Bien entendu, les hommes attendaient, déjà prêts. Et comme de juste, ils marmonnaient entre eux et jetèrent des regards impatients aux deux femmes. Encore un déni de justice ! Pour commencer, Galad et Uno n’avaient rien eu à préparer. Quant à Thom et Juilin, à part ses instruments pour l’un et ses armes pour l’autre, ils transportaient des ballots si minuscules qu’il avait dû leur falloir cinq minutes pour les faire. Ces sacrés bonshommes, parfaitement disposés à porter les mêmes vêtements jusqu’à ce qu’ils aient fini de pourrir sur leur dos !

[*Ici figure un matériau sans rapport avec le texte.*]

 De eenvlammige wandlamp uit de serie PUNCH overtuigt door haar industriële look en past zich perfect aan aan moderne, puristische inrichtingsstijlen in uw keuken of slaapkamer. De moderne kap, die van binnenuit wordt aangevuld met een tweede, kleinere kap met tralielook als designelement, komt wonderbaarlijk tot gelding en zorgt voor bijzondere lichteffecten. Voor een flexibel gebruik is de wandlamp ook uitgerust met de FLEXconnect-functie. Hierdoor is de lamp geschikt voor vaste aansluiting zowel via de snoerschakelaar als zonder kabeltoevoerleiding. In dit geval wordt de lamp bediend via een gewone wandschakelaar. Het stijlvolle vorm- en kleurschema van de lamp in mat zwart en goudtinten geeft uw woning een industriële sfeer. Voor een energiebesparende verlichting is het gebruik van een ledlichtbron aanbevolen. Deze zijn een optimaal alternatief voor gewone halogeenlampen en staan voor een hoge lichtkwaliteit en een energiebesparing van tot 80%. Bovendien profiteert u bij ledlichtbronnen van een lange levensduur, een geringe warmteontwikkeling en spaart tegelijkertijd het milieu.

Cela dit, Birgitte était prête aussi. Son arc à la main, un carquois à la hanche, elle avait posé à ses pieds un ballot à peine plus petit que ceux de la Fille-Héritière. Nynaeve n’aurait pas été surprise que les robes offertes par Luca soient à l’intérieur. En revanche, la tenue de l’héroïne l’étonna beaucoup. L’espèce de jupe-culotte qu’elle portait ressemblait au pantalon bouffant qu’elle arborait dans le Monde des Rêves, n’étaient la couleur – vieil or plutôt que jaune – et les jambes non resserrées sur les chevilles. Et sa veste bleue était également d’une coupe qui rappelait quelque chose à Nynaeve.

D’où venaient ces vêtements ? Le mystère fut résolu quand Clarine arriva au pas de course, s’excusant d’avoir mis si longtemps, avec deux autres jupes et une veste supplémentaire que Birgitte ajouta dans son ballot.

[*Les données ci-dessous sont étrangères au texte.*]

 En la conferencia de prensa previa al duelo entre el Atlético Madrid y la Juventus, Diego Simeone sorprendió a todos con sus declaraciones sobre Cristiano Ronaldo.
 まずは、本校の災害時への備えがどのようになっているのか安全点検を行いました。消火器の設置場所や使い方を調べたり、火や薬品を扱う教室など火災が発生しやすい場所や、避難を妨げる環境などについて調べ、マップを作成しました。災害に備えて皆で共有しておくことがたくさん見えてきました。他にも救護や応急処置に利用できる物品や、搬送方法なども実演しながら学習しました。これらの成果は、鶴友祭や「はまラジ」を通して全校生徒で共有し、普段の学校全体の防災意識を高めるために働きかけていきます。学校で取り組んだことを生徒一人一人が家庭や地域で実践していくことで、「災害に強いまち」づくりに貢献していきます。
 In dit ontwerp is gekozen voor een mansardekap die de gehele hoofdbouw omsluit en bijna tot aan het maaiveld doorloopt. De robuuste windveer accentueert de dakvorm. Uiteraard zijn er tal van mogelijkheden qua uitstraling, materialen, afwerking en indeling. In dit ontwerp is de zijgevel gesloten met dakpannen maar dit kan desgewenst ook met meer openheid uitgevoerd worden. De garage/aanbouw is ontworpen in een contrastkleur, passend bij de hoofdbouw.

Clarine s’attarda pour dire combien elle était désolée de les voir quitter la troupe. Elle ne fut pas la seule à délaisser un moment les préparatifs du départ pour venir faire ses adieux aux cinq « artistes ».

Après leur avoir offert deux boîtes de ses excentriques « allumettes », ou quel que soit le nom qu’elle leur donnait, Aludra leur souhaita bon voyage avec un accent du Tarabon à couper au couteau.

Avec un soupir, Nynaeve rangea dans son sac de cuir l’embarrassant cadeau. Alors qu’Elayne avait poussé les boîtes précédentes au fond de l’étagère, derrière des sacs de haricots, agissant dans le dos de Nynaeve, cette dernière avait pris garde à les « oublier » quand elle avait inspecté une dernière fois la roulotte.

Faisant mine de ne pas voir l’air inquiet de sa femme, Petra proposa d’escorter le petit groupe jusqu’au fleuve. Les Chavana et les jongleurs, Kin et Bari, offrirent de venir aussi. Mais si Petra se rembrunit quand Nynaeve affirma que ce n’était pas la peine – très vite, car Galad, Thom, Juilin et Uno semblaient disposés à accepter des renforts –, tous les autres eurent du mal à dissimuler leur soulagement.